An alternative method for high resolution resistivity profiling along the depth in a retina based on bipolar impedance spectroscopy was established. We validated our device by profiling rat and embryonic chick retinas. The resistivity at each retinal depth was calculated based on tissue resistance extracted by peak resistance frequency methodology. Qualitatively, we found the resistivity-depth profiles to be in accordance with earlier studies and that resistivity at any arbitrary retinal depth is characterised by a unique peak resistance frequency. We have shown the potential of planar bipolar microelectrodes as a new technique to probe absolute local resistivity within a retina and multi-layered tissues, in general.

Determining absolute values of resistivities in retina contributes to improved understanding of retinal stimulation by means of modelling studies.

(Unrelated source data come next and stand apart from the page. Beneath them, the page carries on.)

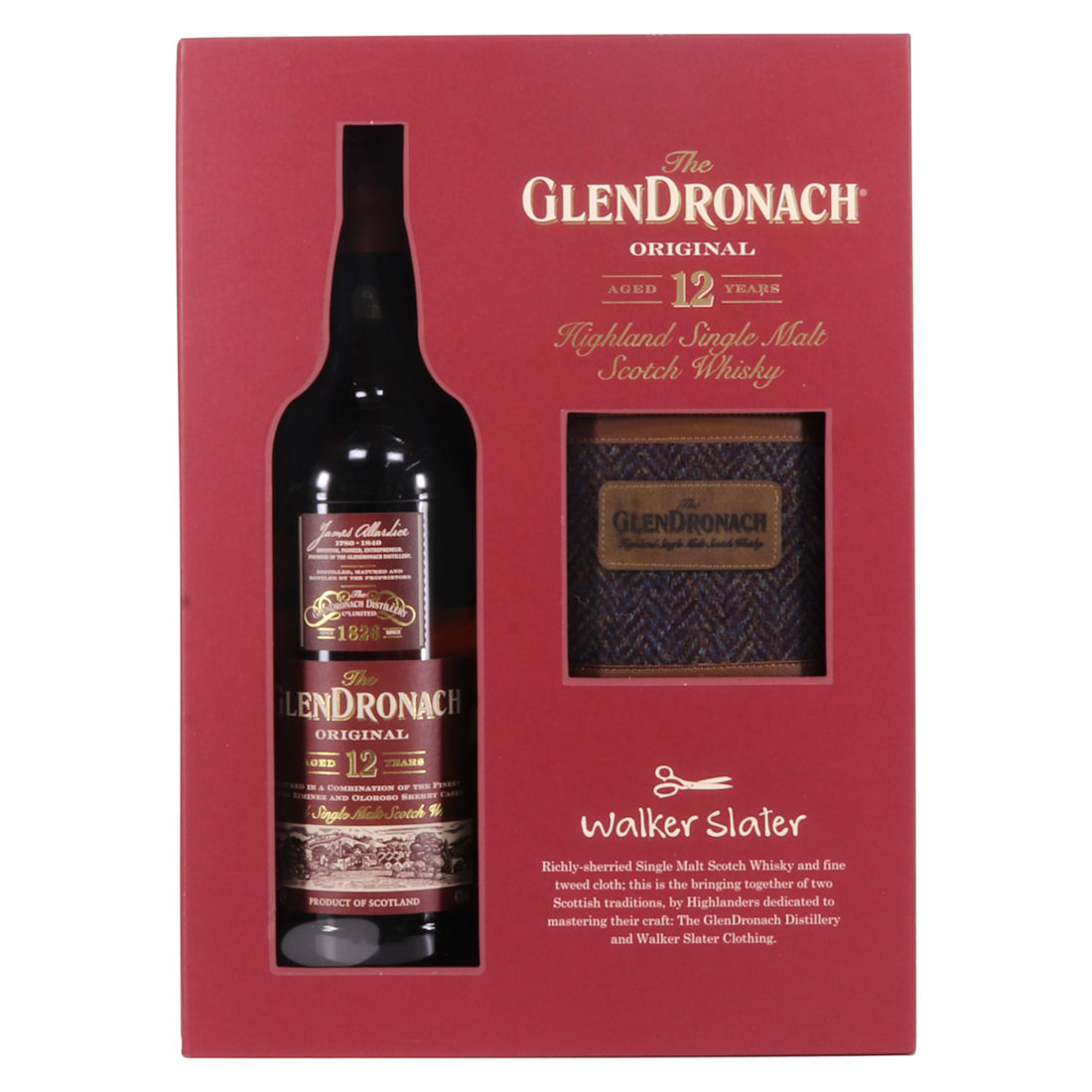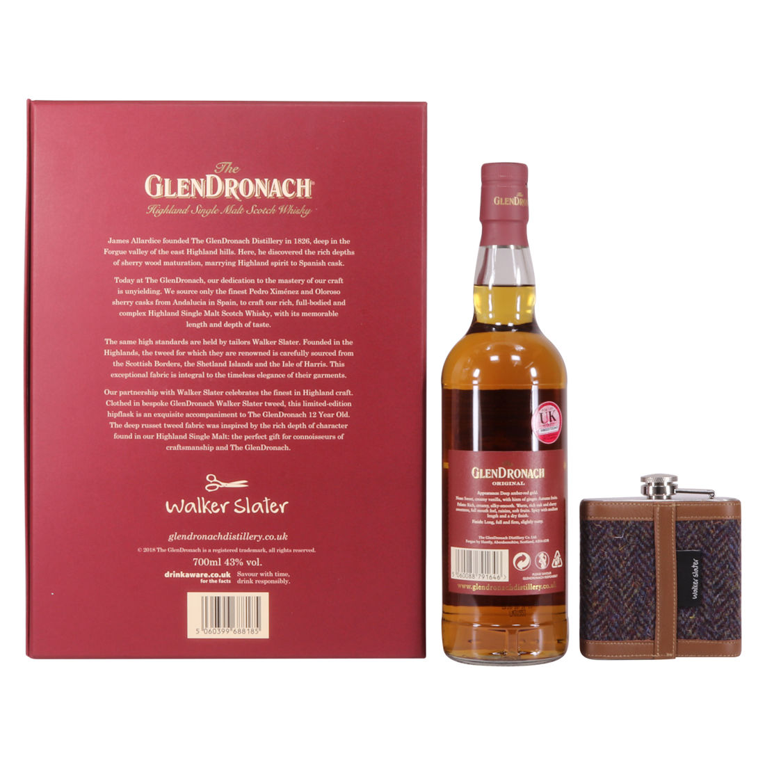 A beautiful gift set from GlenDronach, featuring a bottle of GlenDronach 12 Year Old along with a rather lovely hip flask from world-renowned tweed maker Walker Slater.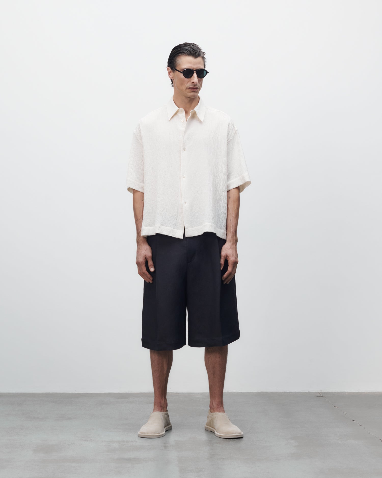 "This could be our purest collection yet. I looked at the traditional Japanese 'Gakuran' boys school uniform for inspiration. For me, their specific darkest navy palette setups, subtly accented with their crisp white collars peeking out, had this absolute purity to it which I loved." – Nick Wakeman, Founder & Creative Director of Studio Nicholson.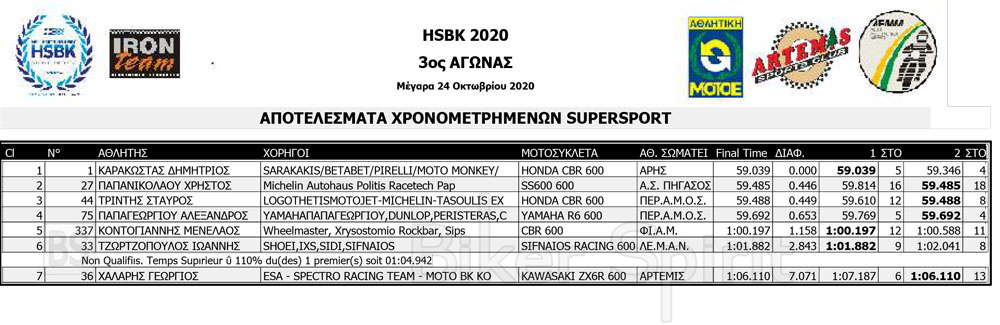 Ο Δημήτρης Καρακώστας συνεχίζει την φοβερή του πορεία και κερδίζει και την δεύτερη διπλή pole position στην κατηγορία Supersport, με χρόνο 0:59.039, μπροστά από τον rookie Χρήστο Παπανικολάου που έγραψε χρόνο 59.485, φανερά βελτιωμένος από τον προηγούμενο διπλό αγώνα.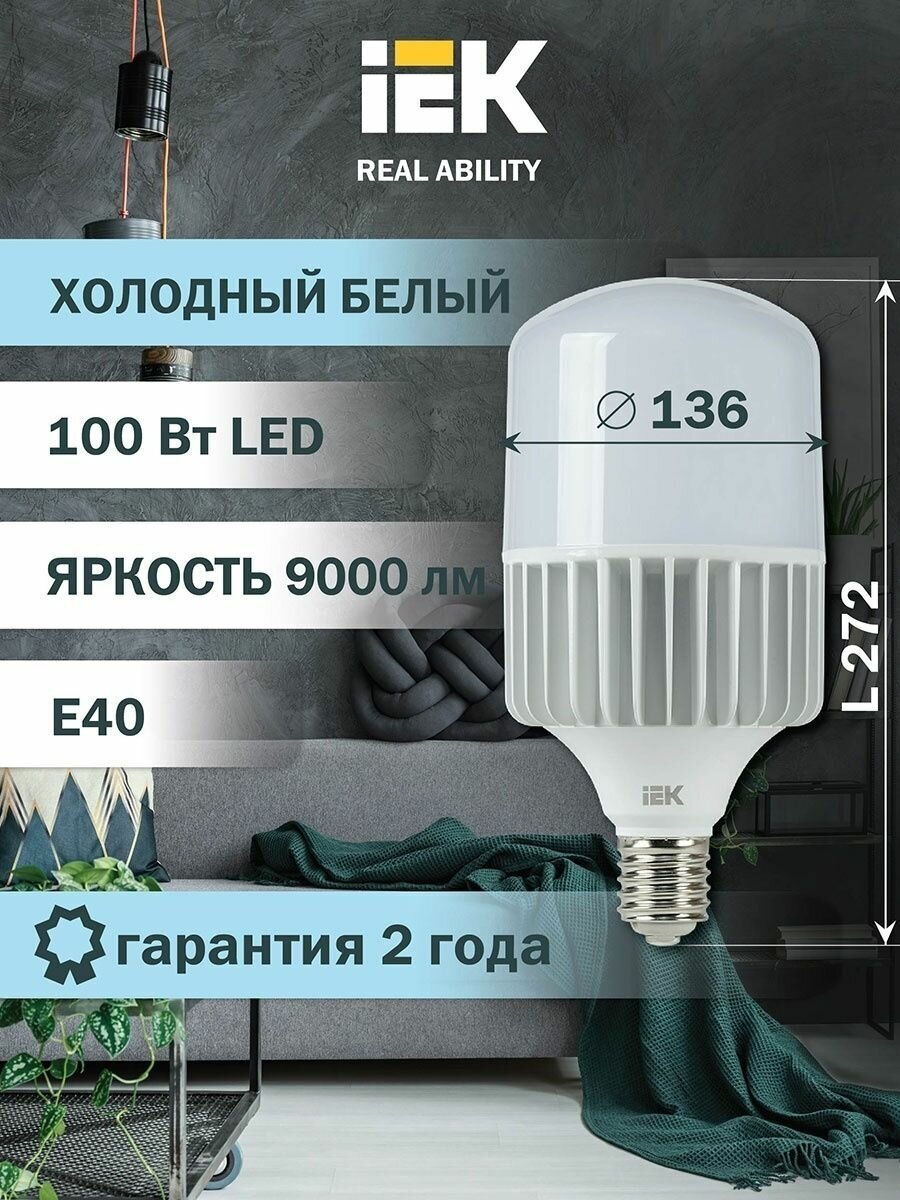 Лампа светодиодная HP 100Вт 230В 6500К E40 IEK LLE-HP-100-230-65-E40 (1 шт.)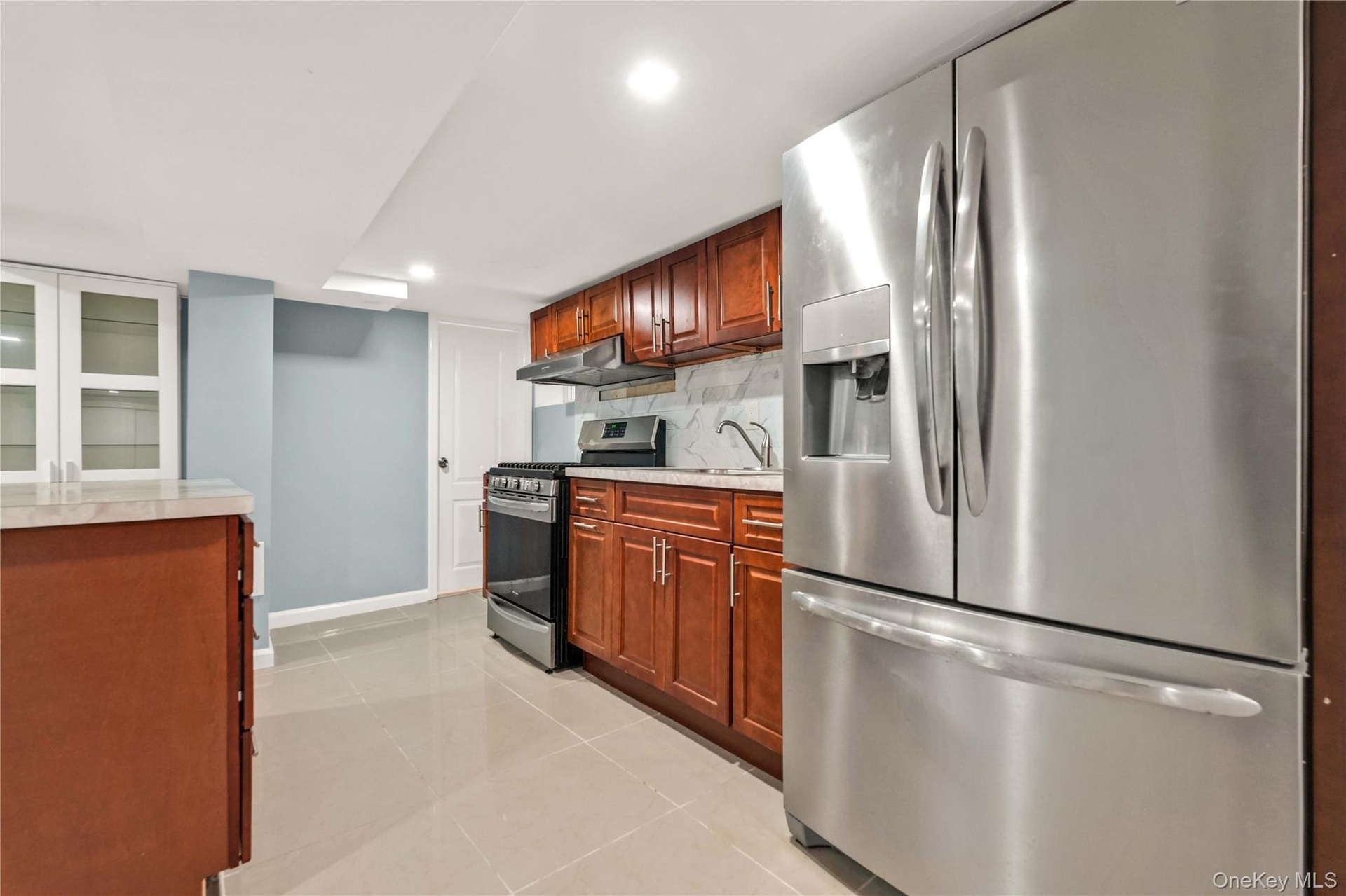 - Kitchen with baseboard heating, stainless steel appliances, light tile patterned floors, light countertops, and recessed lighting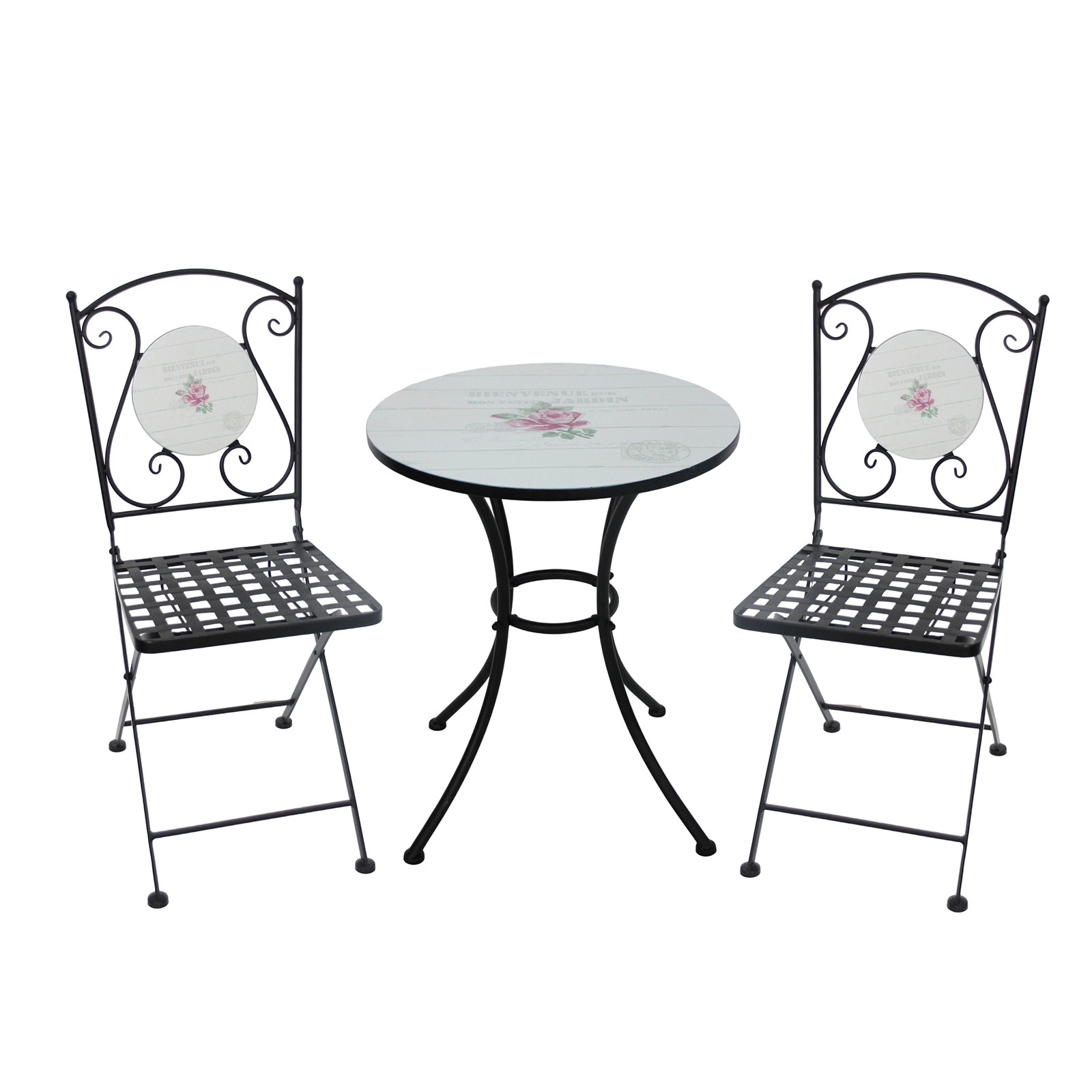 Vintage Style für Balkon, Terrasse und Garten (überdachter Außenbereich). Die Tischgruppe Celia aus Metall verzaubert mit einem tollen Vintageaufdruck sowie filigranen und verspielten Details. Das Set aus einem Tisch und 2 Stühlen schafft romantische Momente und ergänzt perfekt Ihre Wohndekoration.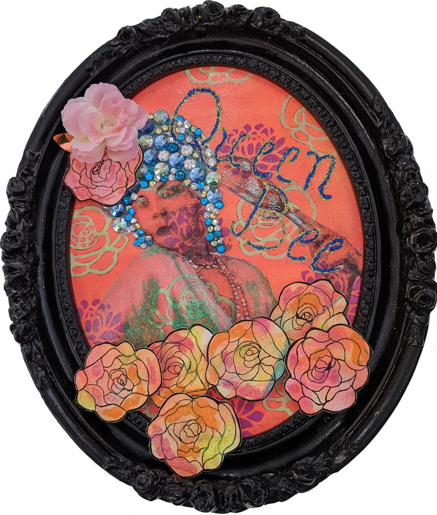 My work often depicts female archetypes inspired by fairytales, mythologies, and historical figures in multilayered mixed media bodies of work and installations. I create maximalist works that mimic the way in which we are so frequently bombarded with imagery and notions that perpetuate patriarchal and oppressive viewpoints.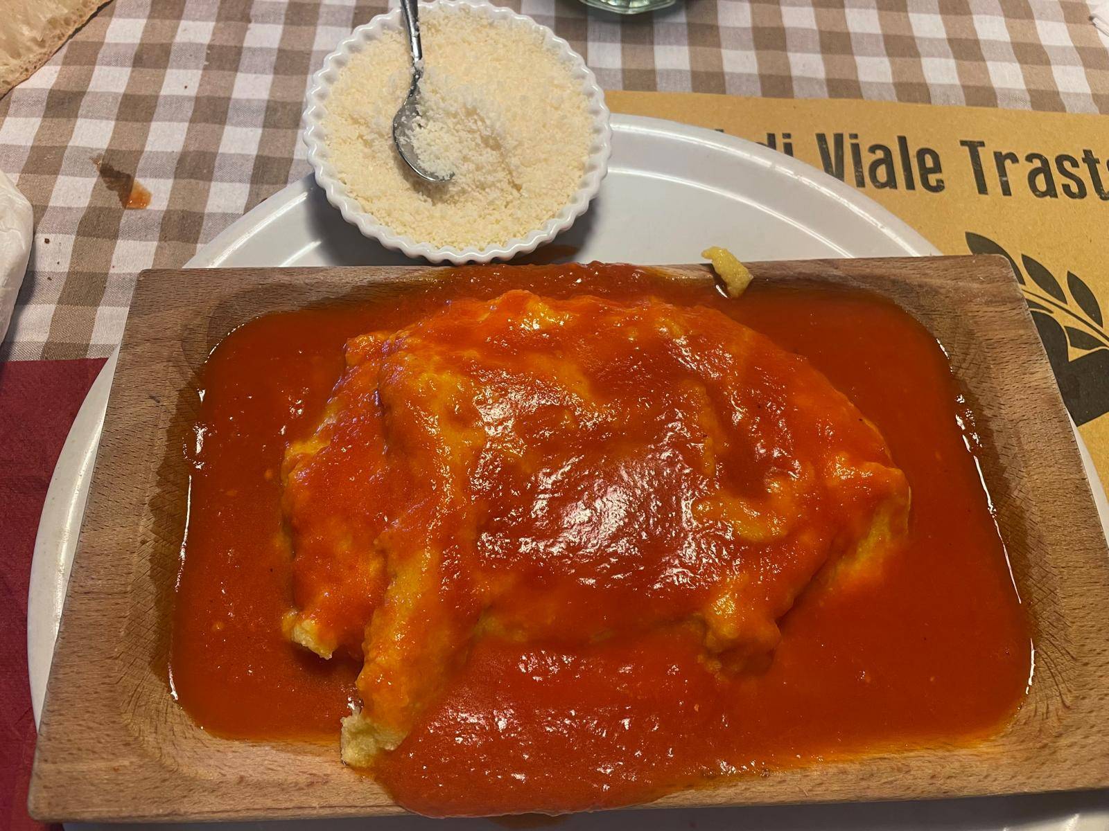 Frontoni dal 1921 è un pezzo di storia gastronomica di una città che, di storia, a parte i monumenti millenari, non conserva granché. Il sottotitolo che accompagna il biglietto da visita è un richiamo al passato: quelli di Viale Trastevere. Ci torneremo senza ombra di dubbio ogniqualvolta capiteremo nella capitale. Anche per sentire quell'accento romano per niente sguaiato, ma tanto gradevole che ci illude che questa città sia ancora, in parte, quella che ricordavamo. E invece, purtroppo, non è vero.
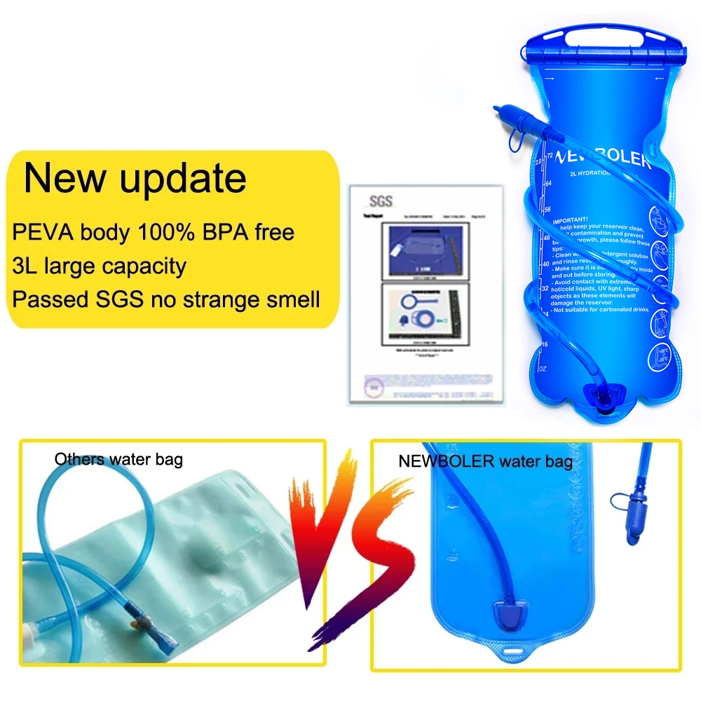 Пищевой FDA одобренный PEVA материал для мочевого пузыря, мягкий рот-кусок питьевой трубки удобно пить. Водный Пузырь имеет герметичный открытый с Экстра широким диаметром, что облегчает заливание воды или добавление льда. Извлеките резиновый кусок рта, и вода выходит наружу. Нажмите резиновый Рот назад, чтобы закрыть. Больше не беспокойтесь о сложности питьевой воды во время бега или езды на велосипеде.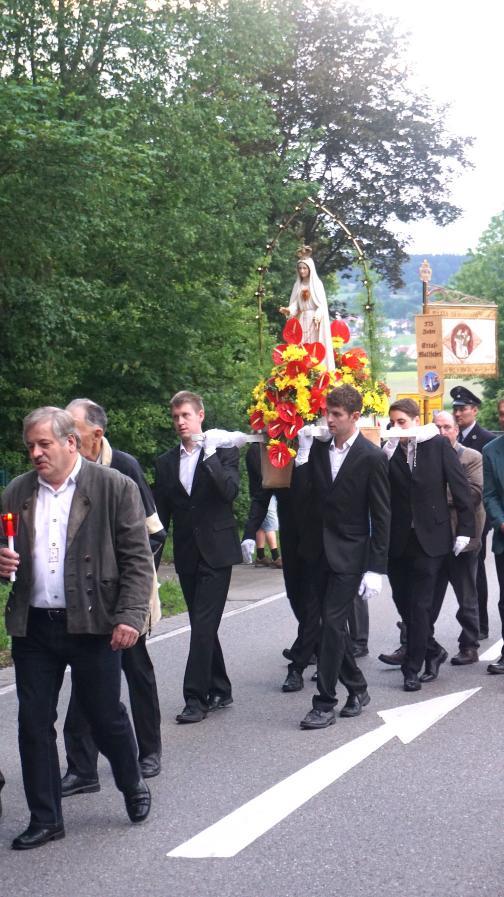 Maria Vesperbild/Augsburg (pba). Bischof Dr. Konrad Zdarsa war gestern Abend zu Gast in Maria Vesperbild. Nach einem Pontifikalamt in der Wallfahrtskirche nahm der Bischof mit rund tausend Gläubigen auch an der Lichterprozession teil. Sie führte über den Schlossberg zur Mariengrotte. Dort beendete er den Abend mit dem Segen, bevor vom Musikverein Balzhausen noch die Papsthymne gespielt wurde. Er freue sich sehr über den Besuch des Bischofs, richtete sich Wallfahrtsdirektor Erwin Reichart an die Gläubigen. Denn ein Bischof stehe in der Nachfolge der Apostel. „Und das passt zum heutigen Fest ganz besonders, weil ja die Apostel ganz besonders geistbegabt worden sind und diese Gabe weitergegeben haben.“ Er bat die Gläubigen auch, dem Bischof für sein Wirken zum Wohle unserer Diözese und von uns allen dankbar zu sein.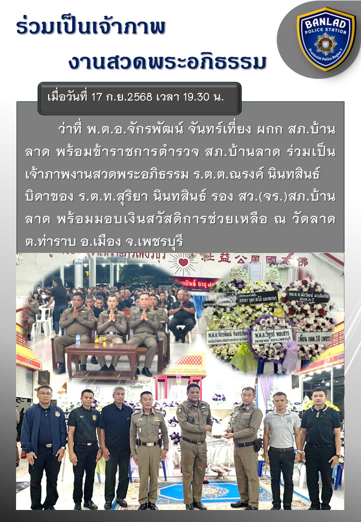 ว่าที่ พ.ต.อ.จักรพัฒน์ จันทร์เที่ยง ผกก สภ.บ้านลาด ร่วมเป็นเจ้าภาพงานสวดพระอภิธรรม ร.ต.ต.ณรงค์ นินทสินธ์ บิดาของ ร.ต.ท.สุริยา นินทสินธ์ รอง สว.(จร.)สภ.บ้านลาด เมื่อวันที่ 17 ก.ย.2568 เวลา 19.30 น. 24 กันยายน 2568 โดย ณัฐวุฒิ เมืองขวัญใจ

The generated resistivity profiles can form the basis for construction of a realistic electric model of a retina. Finite element modelling may be used for estimating and optimising critical parameters such as stimulation thresholds, heat dissipation, resolution, etc. for a given electrode geometry, that are instrumental for the safety and efficacy of a retinal prosthesis. A future improvement of our two-electrode system would be a linear array of electrodes on a single strip. An array of electrodes is capable of probing different layer resistivities with a single insertion into the retina which is expected to cause less damage and provide more reliable measurements.